What is lacking, though, is an all-inclusive measure of repetitiveness. Under the RSF repetitiveness is defined as a quantity that is minimized by shuffling the investigated sequence. As suggested by the term simplicity factor, studies of repetitiveness are related to investigations of complexity [24] – if repetitiveness is high, complexity is low, though the converse is not always true. For example, the "linguistic complexity" of a string S is defined as the number of substrings of lengths 2, 3, ..., |S| observed in S compared to the maximum number of substrings of these lengths [25]. A random DNA sequence with G/C content 0.5 has maximal complexity and minimal repetitiveness. However, a random DNA sequence with a G/C content of, say, 0.1 does not have maximal complexity, while its repetitiveness should still be minimal.

In this paper we propose a novel measure of repetitiveness which considers repeats of any length, takes into account G/C content, and does not necessitate shuffling for its computation. As explained in detail in the Methods Section, our index of repetitiveness, I_r, is expected to be zero in random DNA sequences of any G/C content and length, and can be computed in time proportional to sequence length. We apply the I_r to 303 sequenced bacterial genomes, 27 archaebacteria, and six model eukaryotes: baker's yeast (Saccharomyces cerevisiae), nematode worm (Caenorhabditis elegans), thale cress (Arabidopsis thaliana), fruit fly (Drosophila melanogaster), mouse (Mus musculus), and human (Homo sapiens).

Results

Our first goal was to establish the null distribution of I_r.
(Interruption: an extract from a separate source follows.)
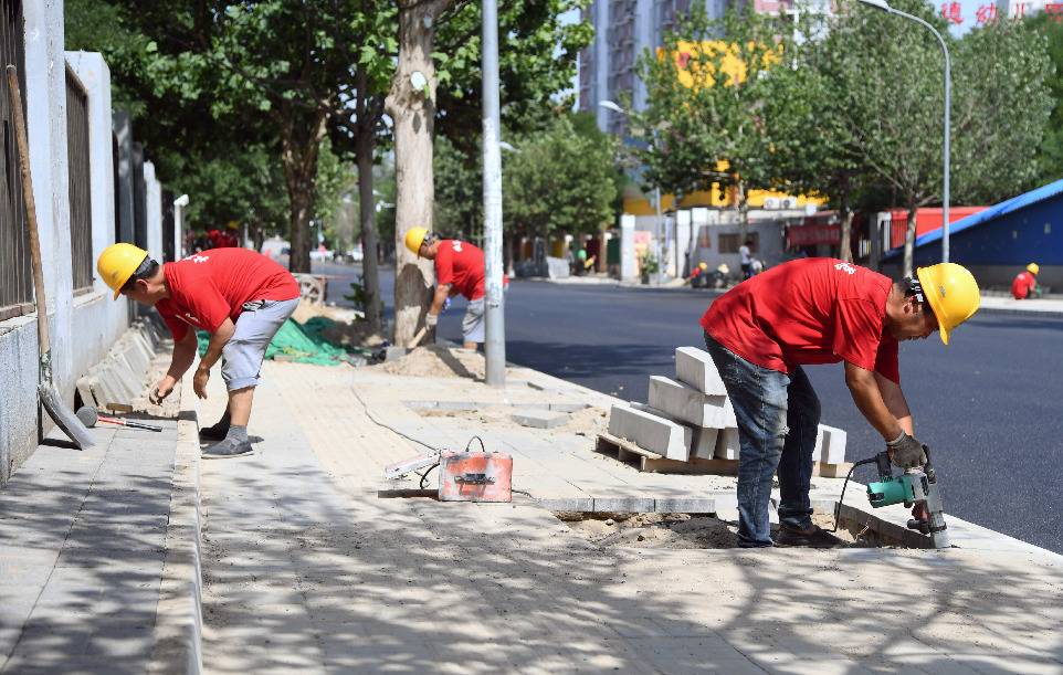6月12日,施工人員對人行步道進(jìn)行修繕(新華社記者 任超 攝)

This can be obtained by shuffling a genomic sequence. As an example we repeatedly randomized the genome of bacteriophage λ, which consists of 48,502 bp of DNA, and calculated the I_r from these "repeatless" sequences. Figure 1 shows the resulting histogram, which is symmetrically distributed around a mean close to the expected zero (mean = 0.0004, sd = 0.0008). Further analysis of this distribution using the Shapiro-Wilk test [26] revealed that deviation from normality increased as more replicates were added (not shown). The reason for this was an increase in kurtosis (2.972 in Figure 1), while the skewness (0.078 in Figure 1) decreased with higher replication. Notice also that the I_r of the unshuffled λ genome is significantly greater than its randomized version. This is not surprising, as biological sequences are no more random sequences of residues than prose is a random sequence of letters.

Survey of I_rvalues

We calculated I_r values for 330 completely sequenced prokaryote genomes, as well as for representative eukaryotic model organisms: baker's yeast (Saccharomyces cerevisiae; 12 Mb surveyed), nematode worm (Caenorhabditis elegans; 100 Mb surveyed), thale cress (Arabidopsis thaliana; 119 Mb surveyed), and fruit fly (Drosophila melanogaster; 123 Mb surveyed). Figure 2A displays the I_r values of eubacteria as a function of the log genome size [see Additional file 1 for a complete listing of prokaryote results]. In this domain of life I_r was not correlated with log genome size (Pearson correlation = 0.046; P = 0.425). The average I_r of eubacteria was 1.048. 94.7% of bacteria had an I_r ≤ 2. On the other hand, there were 7 bacteria where I_r > 3, with the highest value found in Methylobacillus flagellatus KT (6.337; Figure 2A). The other members of this group were Streptococcus agalactiae NEM316 (I_r = 4.842), Dehalococcoides ethenogenes 195 (4.026), Francisella tularensis subsp. tularensis SCHU S4 (3.950), Neisseria meningitidis MC58 (3.842), Francisella tularensis subsp. holarctica (3.723), and Escherichia coli O157:H7 EDL933 (3.521; Figure 2A).

At the other extreme of the distribution, Buchnera aphidicola str. Bp had the smallest I_r value (0.019), which was even smaller than that observed in phage λ (I_r = 0.024; Figure 1). With one exception the ten eubacteria with the lowest I_r values comprised only intracellular organisms sampled form the genera Buchnera, Chlamydophila, Candidatus, Neorickettsia, and Rickettsia. The exception was the highly abundant photosynthetic bacterium Prochlorococcus marinus subsp. marinus str. CCMP1375 [see Additional file 1].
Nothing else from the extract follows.